What needs to be done =>
Starting at the first line of the data and ending at the line with "焚き火や調理を行うキャンプシ", copy each line exactly. Include both of those lines, but no pictures.
┌─ Source material
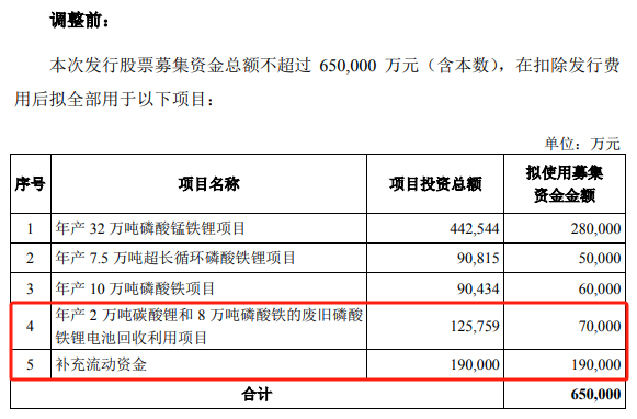 湖南裕能此次调整的定增预案中,取消募投“年产2万吨碳酸锂和8万吨磷酸铁的废旧磷酸铁锂电池回收利用项目”,并把补充流动资金的金额由19亿元减少到9亿元。
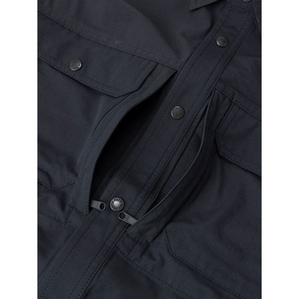 焚き火や調理を行うキャンプシーンに適した長袖シャツ。難燃性が高いモダクリル糸と耐久性に優れたコーデュラナイロン糸を混紡した素材を採用。生地に火の粉がつくと微量のガスが燃焼部分の酸素を奪い、無酸素状態にすることで瞬時に消火。さらに火がついた部分はすぐに炭化するため、溶けた生地の液垂れによるリスクも低減します。
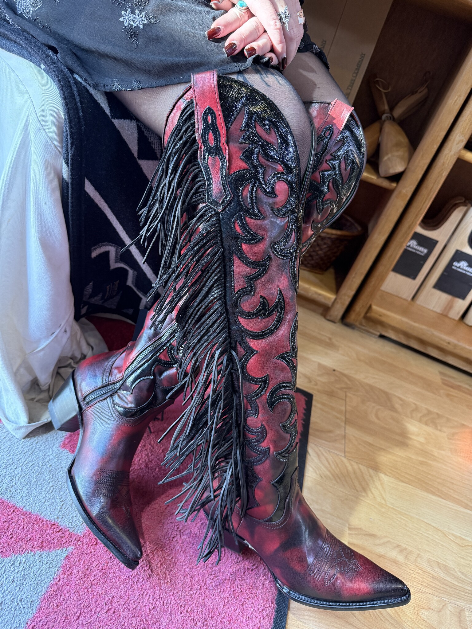 These stunning 21-inch shaft-height of red leather with gorgeous overlay and fringe will go perfectly with anything.
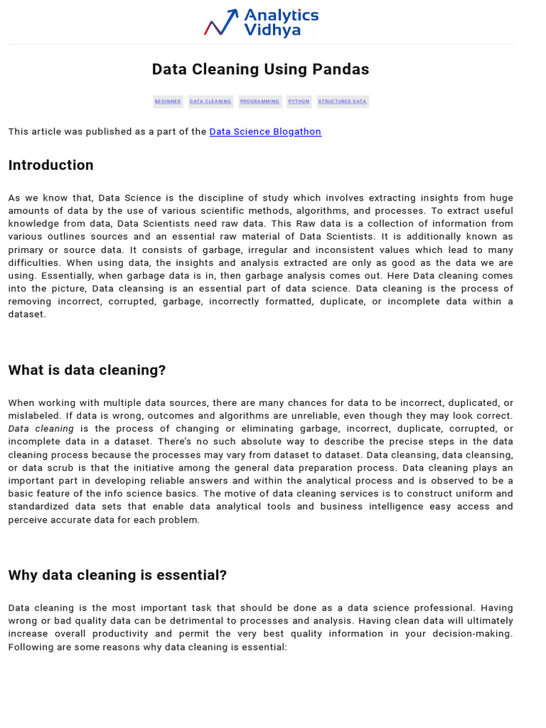 Article Url - https://www.analyticsvidhya.com/blog/2021/06/data-cleaning-using-pandas/
└─
Response area =>
 湖南裕能此次调整的定增预案中,取消募投“年产2万吨碳酸锂和8万吨磷酸铁的废旧磷酸铁锂电池回收利用项目”,并把补充流动资金的金额由19亿元减少到9亿元。
 焚き火や調理を行うキャンプシーンに適した長袖シャツ。難燃性が高いモダクリル糸と耐久性に優れたコーデュラナイロン糸を混紡した素材を採用。生地に火の粉がつくと微量のガスが燃焼部分の酸素を奪い、無酸素状態にすることで瞬時に消火。さらに火がついた部分はすぐに炭化するため、溶けた生地の液垂れによるリスクも低減します。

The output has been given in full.